Obama’s declaration of support for gay marriage does not change the political calculus

I watched with considerable interest and some amusement the coverage of the president’s remarks in favor of gay marriage on the evening news yesterday. This is a president who has long courted the gay community but has largely employed half-measures in doing so. He pledged to end “don’t ask, don’t tell” during the 2008 race but it took him two years to get a law through Congress to enact a “legal process” by which the policy might be ended and another year to actually kill the policy in practice.

“Don’t ask, don’t tell” was a goofy policy from its inception during the Clinton administration in 1993. Essentially the armed forces accepted gays as service members provided that no one ever knew they were gay; of necessity it meant that these men and women led double lives mandated by policy, not just the same way that a non-serving gay person may lead a double life before coming to terms with his or her sexuality.
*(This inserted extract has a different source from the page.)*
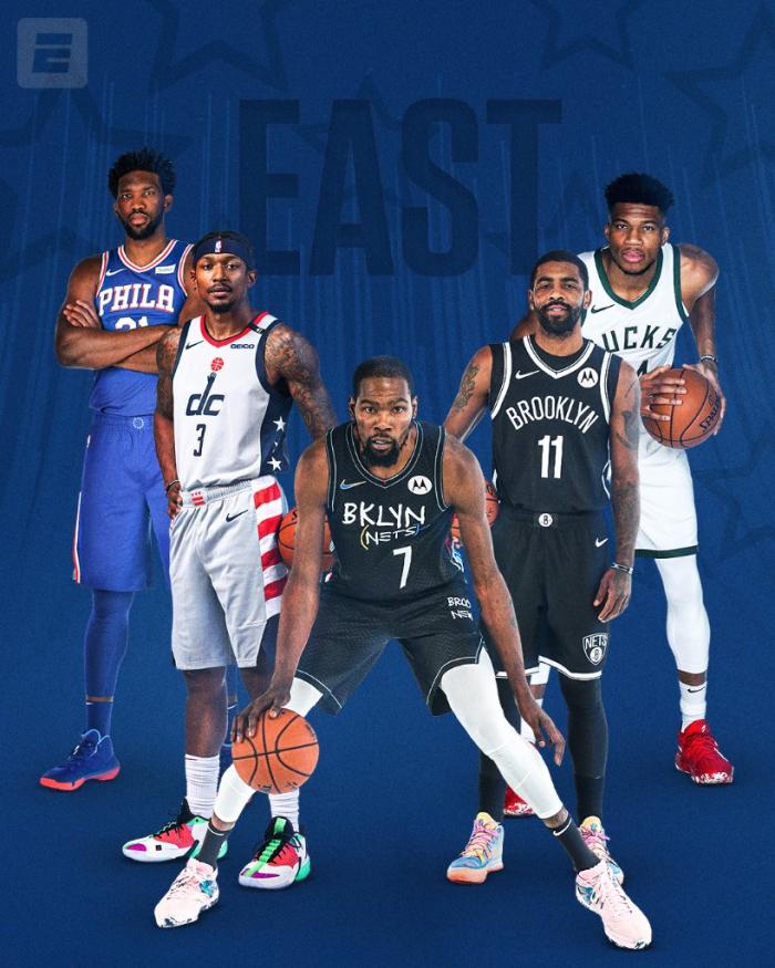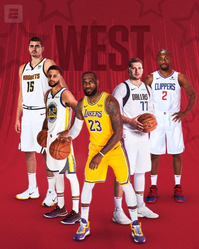 东西部全明星首发阵容已经出炉,西部首发五虎是詹姆斯、约基奇、库里、东契奇和小卡,东部首发是杜兰特、字母哥、恩比德、比尔和欧文;詹姆斯和杜兰特成为各自分区的队长,他们将通过直播选人,票王詹姆斯拥有优先选择权,他很可能在组队时首选库里。

Clinton, who wanted to end discrimination against gays in the military, accepted this bizarre compromise as the best he could do in cooperation with a Republican-led Congress.
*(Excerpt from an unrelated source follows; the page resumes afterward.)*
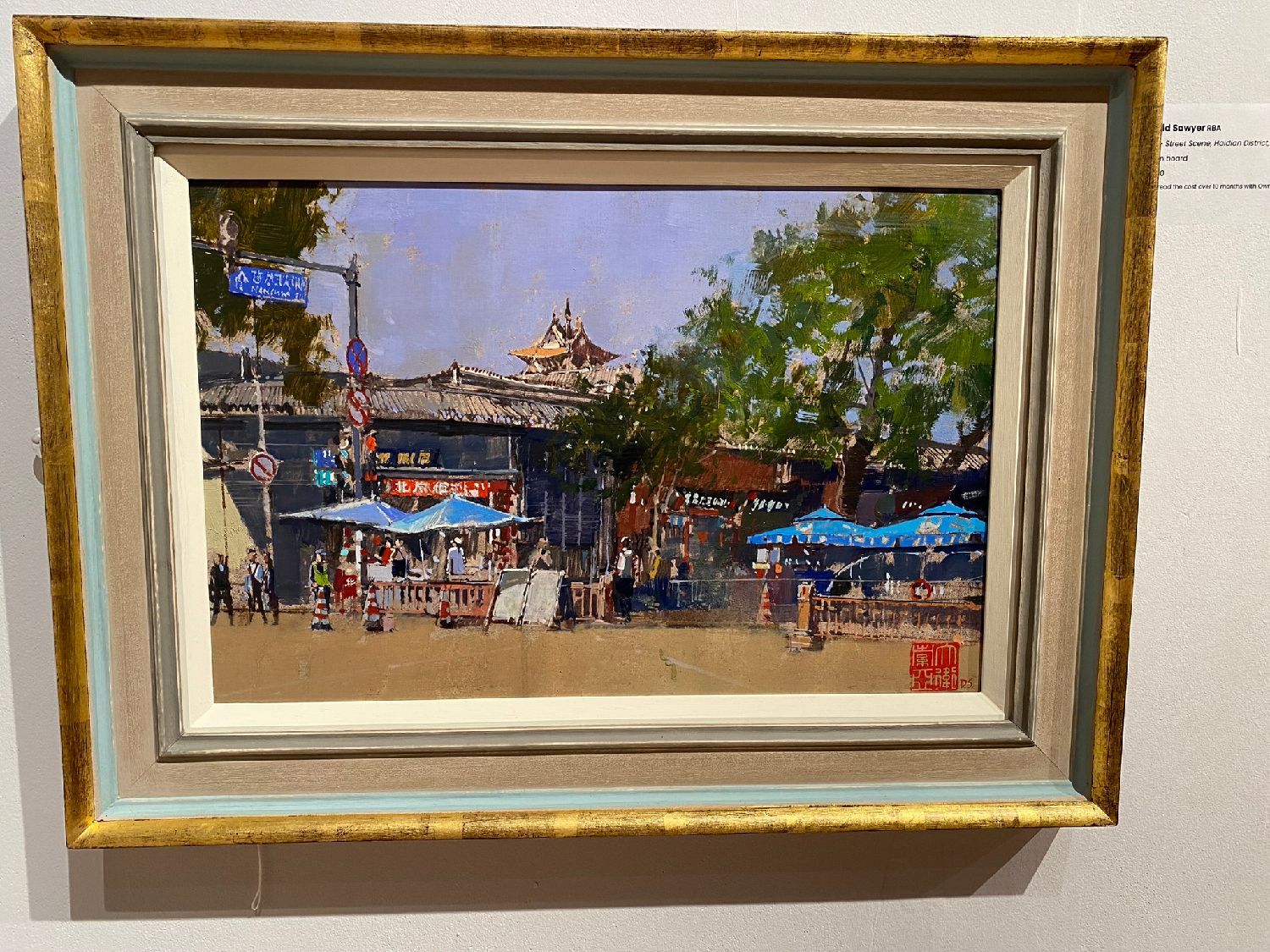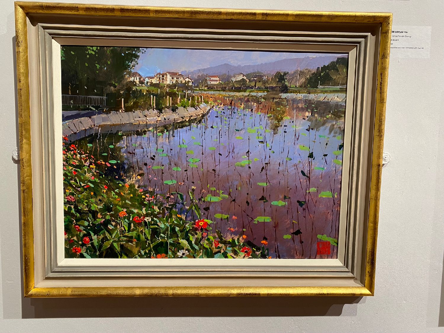 此外,展覽上有繪制故宮、頤和園、重慶郊外荷花池等五幅中國元素的作品引人注意,這是由英國著名現(xiàn)代印象派畫家大衛(wèi)·索亞(David Sawyer)所作,他是英國皇家藝術家學會會員、切爾西藝術協(xié)會會員,作品多次獲獎,并被英國皇室和多家機構收藏,曾作為官方巡回藝術家隨查爾斯王儲(現(xiàn)查理三世國王)夫婦出訪加勒比地區(qū)。

Have you observed a “homosexual act”?

The president’s stance on the issue of gay marriage has been said to be “evolving” and in his statements yesterday he seems to have made it clear that one of the things that pushed him in this direction is his recognition that so-called civil unions are not, in fact, equivalent to marriage in conferring the same rights and responsibilities. Another factor is that, despite the lather that the Moral Majority and Focus on the Family work their members into, a decreasing number of Americans actually care that much about sexual orientation or see a reason why homosexuals shouldn’t have the same rights and privileges as heterosexual citizens.
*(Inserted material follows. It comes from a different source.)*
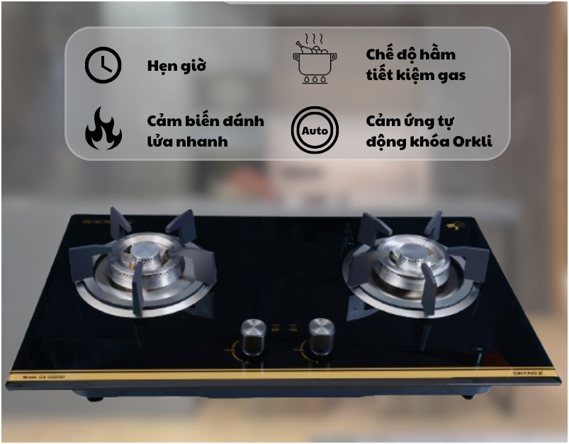 Chức năng cảm biến ngắt gas an toàn: Tất cả các dòng bếp ga âm GrandX được trang bị bộ phận kim ngắt gas an toàn Orkli (Made in Spain) đảm bảo sự an toàn cho người dùng, giúp phòng tránh khi xảy ra sự cố bất thường làm ngọn lửa bị tắt đi nhưng van gas vẫn mở, kim ngắt gas sẽ tự động kích hoạt chức năng và đóng gas lại ngay tức thì, đề phòng trường hợp sau khi ngọn lửa đã tắt nhưng gas vẫn được cấp ra ngoài và được tích tụ lại trong phòng bếp, khi vô tình chúng ta bật thiết bị điện hay có tia lửa sẽ dẫn đến việc cháy nổ đáng tiếc xảy ra.

The CBS Evening News interviewed a few members of a Hispanic church who stated that they had voted for Obama in 2008 but wouldn’t in 2012 because of this issue–the point of this being that Hispanics in swing states supposedly won the election for Obama during the previous cycle and they may defect in droves now that he is “going against the Church.” I think this is nonsense. People who are sufficiently conservative that they allow social issues to determine how they vote in major elections were never going to vote for Obama, particularly in view of the right’s continuing effort to paint Obama as slightly left of Karl Marx. If you listen to the propaganda coming out of the right-wing media, you would think that the man had nationalized every formerly private industry there was, expanded social welfare programs, replaced the Stars and Stripes with the Hammer and Sickle, and dramatically raised taxes on the richest Americans. In reality, of course, he’s done none of these things. Obama the President has proven to be far more conservative than Obama the Candidate. In this way, he’s actually a lot more like his opponent than liberals like myself would prefer. So if anything this may gain him some traction with gays but won’t really lose him votes.

So does Romney profit from this? Well, his statement after being asked was something along these lines: personally I think marriage is between one man and one woman but other people have other opinions–this is what I’ve believed as long as I’ve been in politics. In other words, it was the most Romneyesque of all possible responses. One can only speculate as to what he may have thought before he entered public life; it’s a shame when a man cannot even commit to his own opinions. In any case, Romney will never support gay marriage–because lots of people would simply not show up to vote for him or would vote for some third-party buffoon with no chance of winning–but neither will he say bad things about gays. So maybe a few people will vote for him who may have otherwise stayed home, but he won’t see any real advantage from this either.

Who benefits? Two groups, the two stakeholders who have the most to gain or lose from gay marriage becoming the law of the land nationwide: gays and people who hate them. Gays don’t get anything tangible from this outcome, only the knowledge that the incumbent in the White House would support gay marriage initiatives if his opinion had any weight in state legislatures where these decisions are actually made. Anti-gay groups get another wicker man to burn and another fundraising tool.

On the whole I expect that this will turn out to be the very definition of a tempest in a teapot.